### Task details
In the records below, find the line with "Wechselmotiv Acrylglas Canvalight®", then retype it and every following line exactly, stopping after the line with "Color BlackCylinders 4Drive". Leave the pictures out.

### Data provided
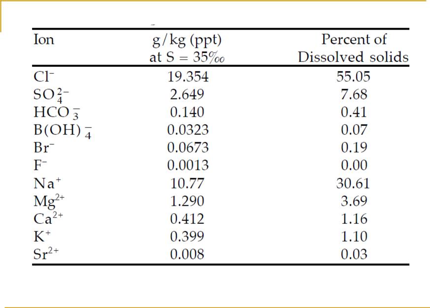 Химический состав океанических, морских вод характеризуется постоянным соотношением растворообразующих элементов:
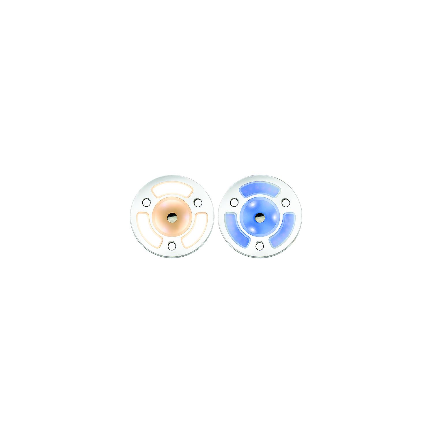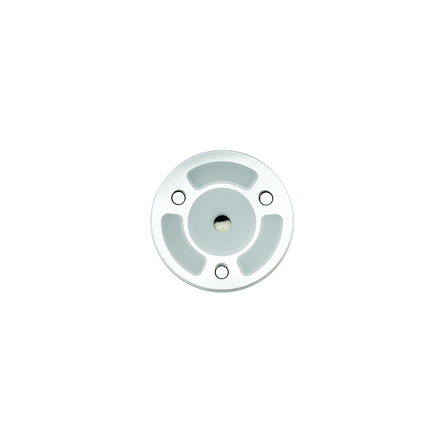 Seadog 4018353 LED Mirror Light With Dimmer, 4″ Round This LED Mirror Light features white and blue LED lights with a built-in, touch controlled on/dim/off switch. Touch the center button to switch between white, blue, and off. Continue to touch button to activate dimmer. Works with 12V and 24V systems. Includes three #6 FH fasteners and white hole plugs. CE, RoHS compliant. 3000K, 300 lumens.
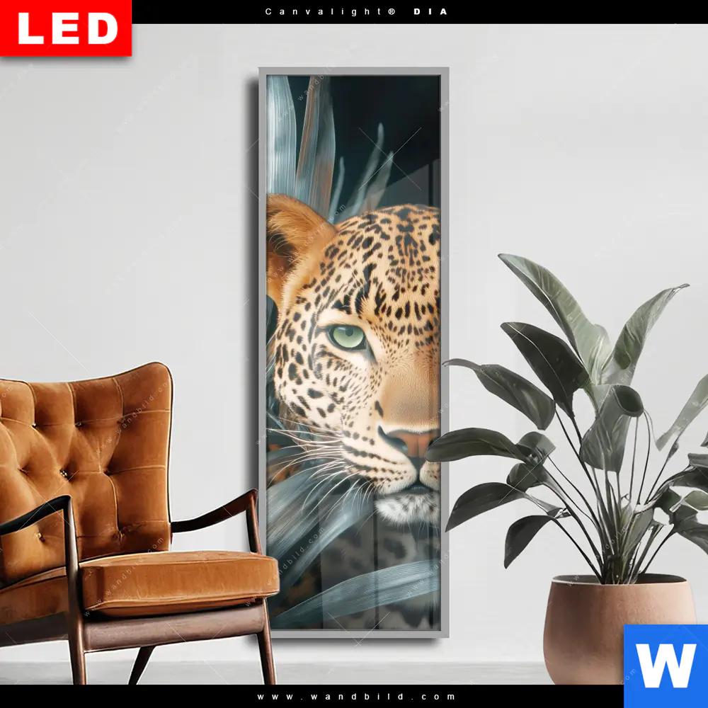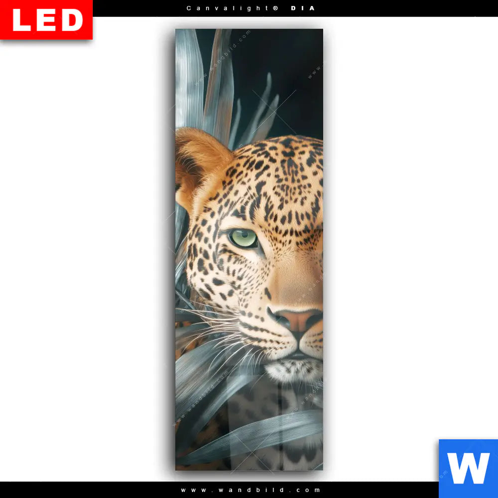 Wechselmotiv Acrylglas Canvalight® DIA | Leopard zwischen Blättern | Schmal
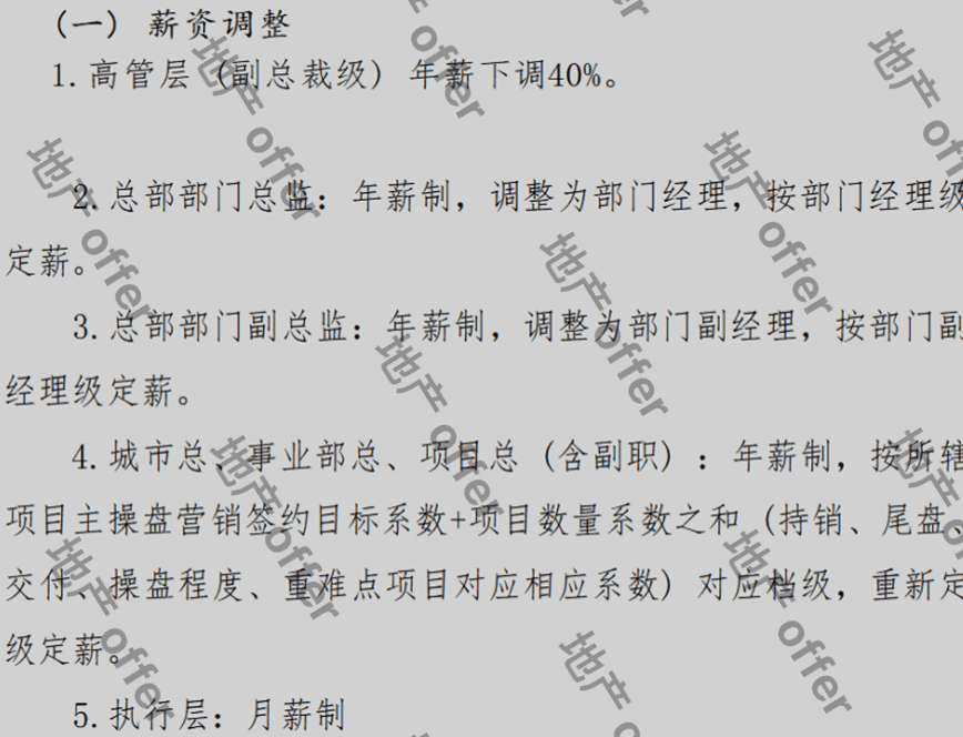 某房企发布了《关于全员调岗调级调薪的通知》,其中裁员比例不详,但是人员调动流动很大。降薪调整幅度更是大的夸张,如总监直接降为副经理、撤并城市公司、降薪5%-50%不等。
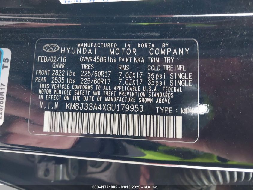 Color BlackCylinders 4Drive Front wheel driveVIN KM8J33A4XGU******State Run & Drive VerifiedDamage All over the car AutoRIA
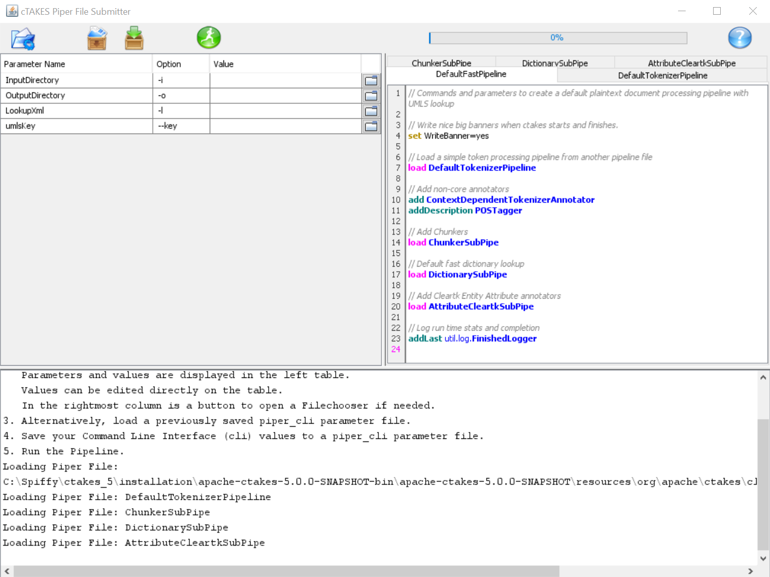 Piper Files contain cTAKES pipelines in a simple flat file format. They can be run via command line using the bin/runPiperFile script. If you are running from a development environment (checked out trunk from SVN) they can also be run using the Piper File Submitter GUI. The GUI allows the user to enter and save command line parameters, making any future re-run of a piper file quick and easy.
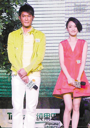 昨天在北京三里屯Village舉行的活動中,除了周、古兩人亮相外,正在成都籌備個唱的許巍也發來VIDEO,演唱了他為純果樂打造的主題曲《晨星》。為配合品牌的多彩顏色,古天樂和周迅分別以翠綠休閑裝和橙色短裙亮相,他倆一上臺就隔得遠遠的,在回答各自對對方的感覺時,古天樂很無厘頭地贊周迅“是個好人”,“她很年輕”,周迅則稱古仔“很幽默”。在主持人的帶領下,兩人回憶了各自的童年趣聞和從藝經歷,可惜兩位代言人卻始終沒有交流。
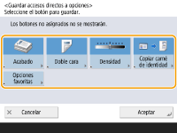 Los botones de opciones que aparecen en la pantalla de funciones básicas (de copia, fax y lectura) se pueden cambiar con otros botones de configuración en <Opciones>. Al situar los botones de opciones de uso frecuente en la pantalla de funciones básicas, puede utilizar las funciones de forma más eficiente. Además, al iniciar sesión con gestión de autenticación personal, puede mostrar una pantalla de funciones básicas personalizada para cada usuario.
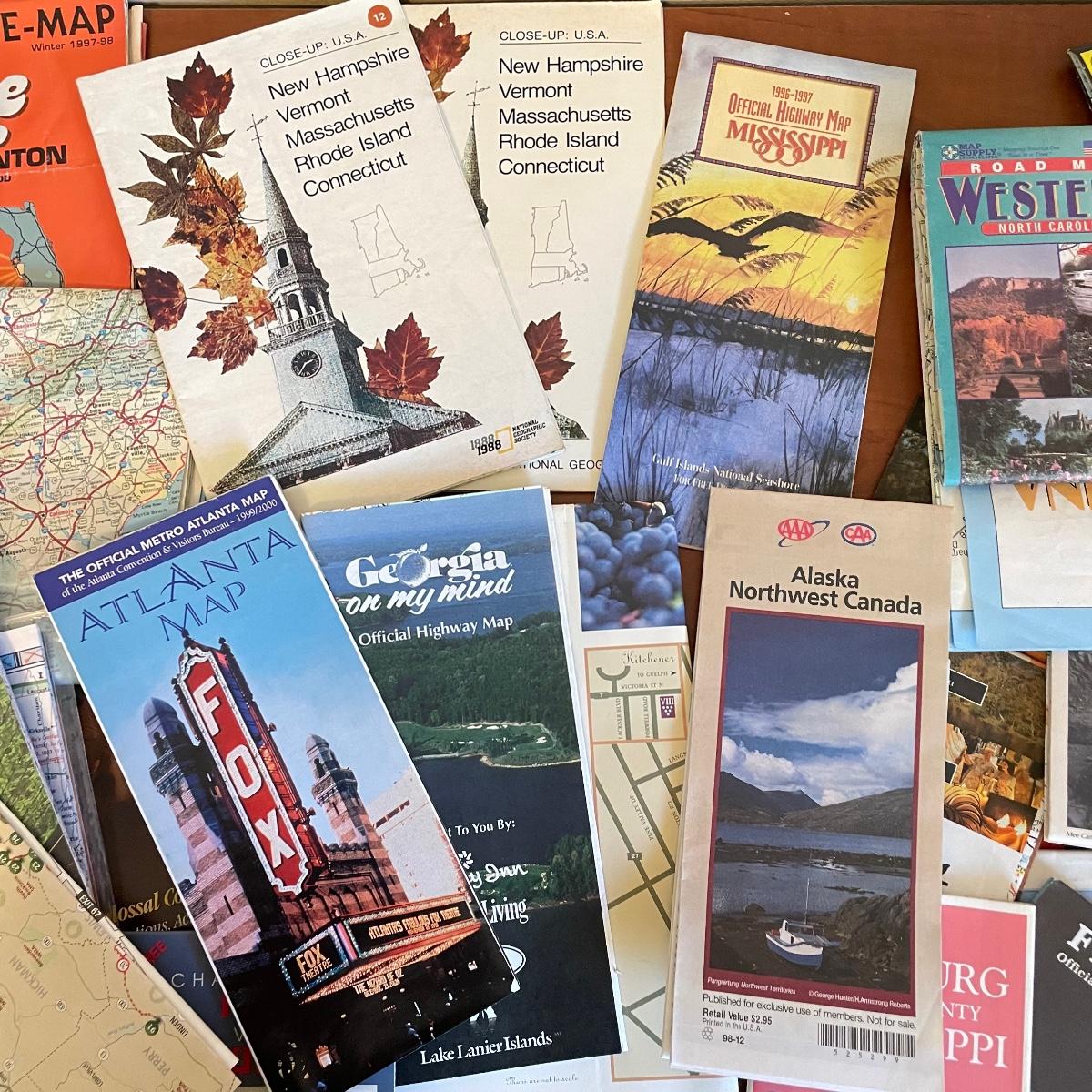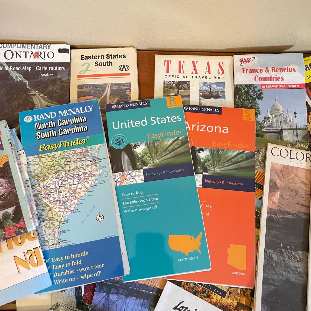 Huge collection of maps, both vintage and newer, domestic and abroad. Lot even has a few motorcycle guides. See images. Shipping available.
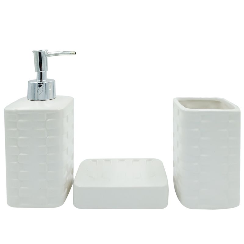 Kit Banheiro - Linha Atenas - Contém 3 Peças - 1 Dispenser (350ml) - 1 Porta Escova (12) - 1 Saboneteira (10,5cm) Composição: Porcelana Newway Código de Barras: 7908501007876 Peso: 0,987kg Ref: HVY0787
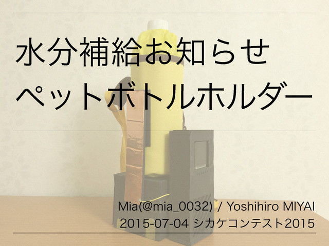 シカケコンテスト2015で発表した「水分補給お知らせペットボトルホルダー」のスライドです。
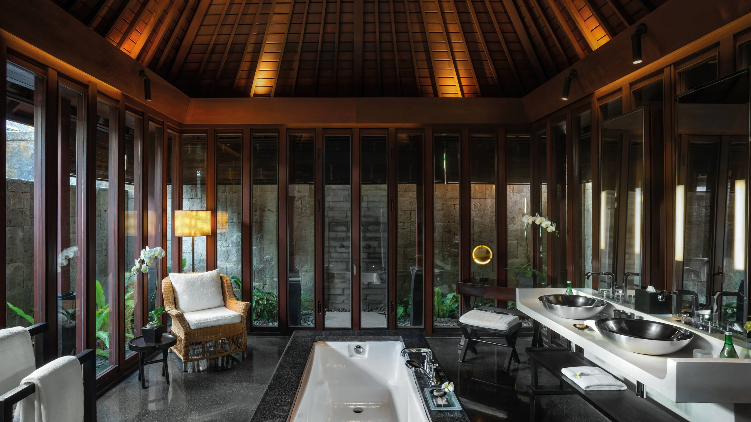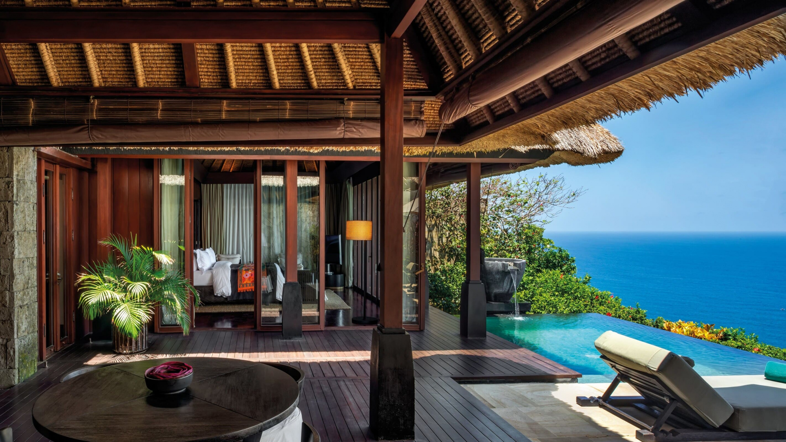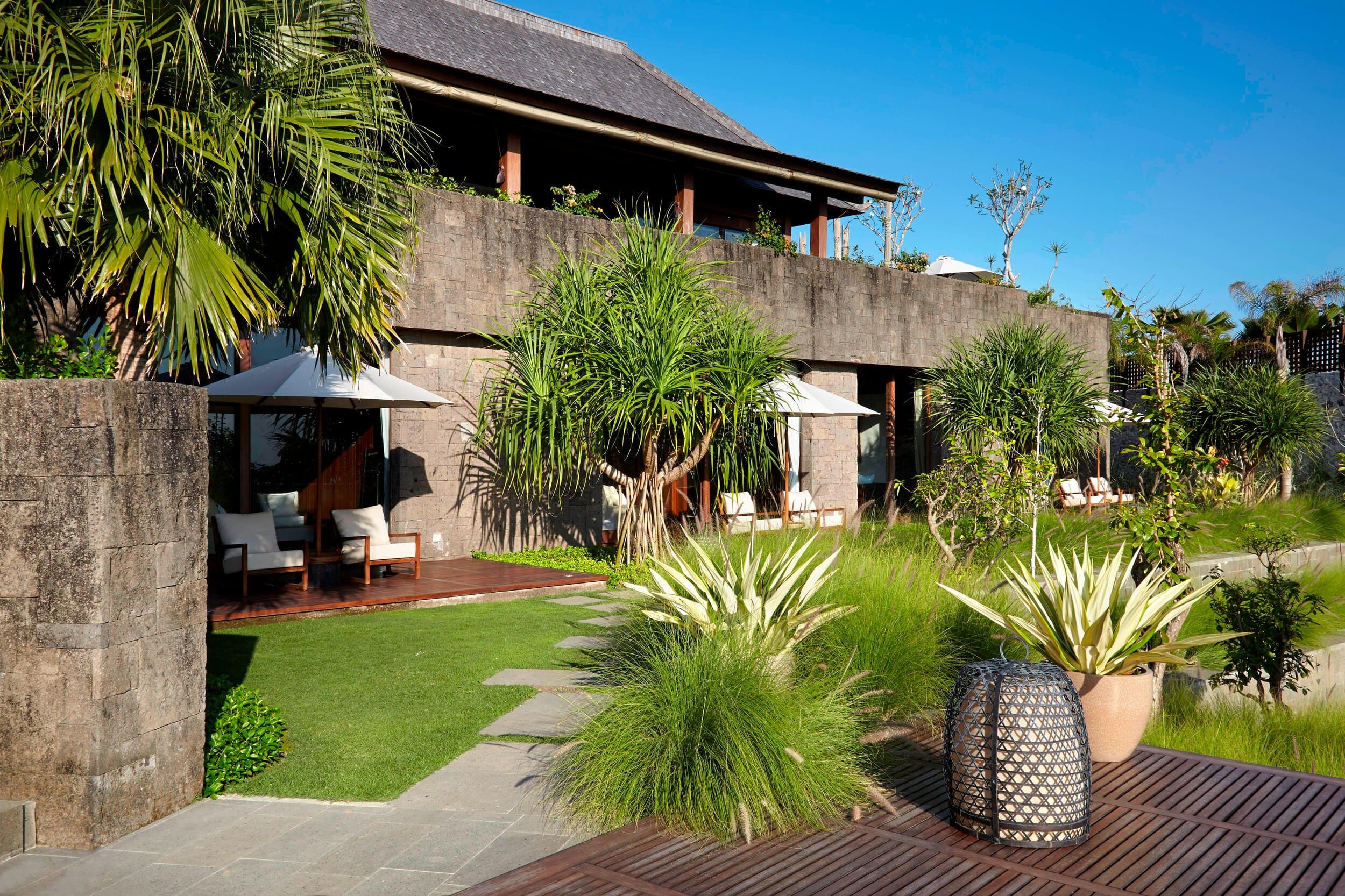 Просторные виллы курортного отеля Bulgari Bali оформлены в традиционном балийском стиле. В числе удобств — аудиовизуальная система. Из ванной комнаты через французские окна открывается вид на отдельный внутренний двор.

### Answer to this problem
 Wechselmotiv Acrylglas Canvalight® DIA | Leopard zwischen Blättern | Schmal
 某房企发布了《关于全员调岗调级调薪的通知》,其中裁员比例不详,但是人员调动流动很大。降薪调整幅度更是大的夸张,如总监直接降为副经理、撤并城市公司、降薪5%-50%不等。
 Color BlackCylinders 4Drive Front wheel driveVIN KM8J33A4XGU******State Run & Drive VerifiedDamage All over the car AutoRIA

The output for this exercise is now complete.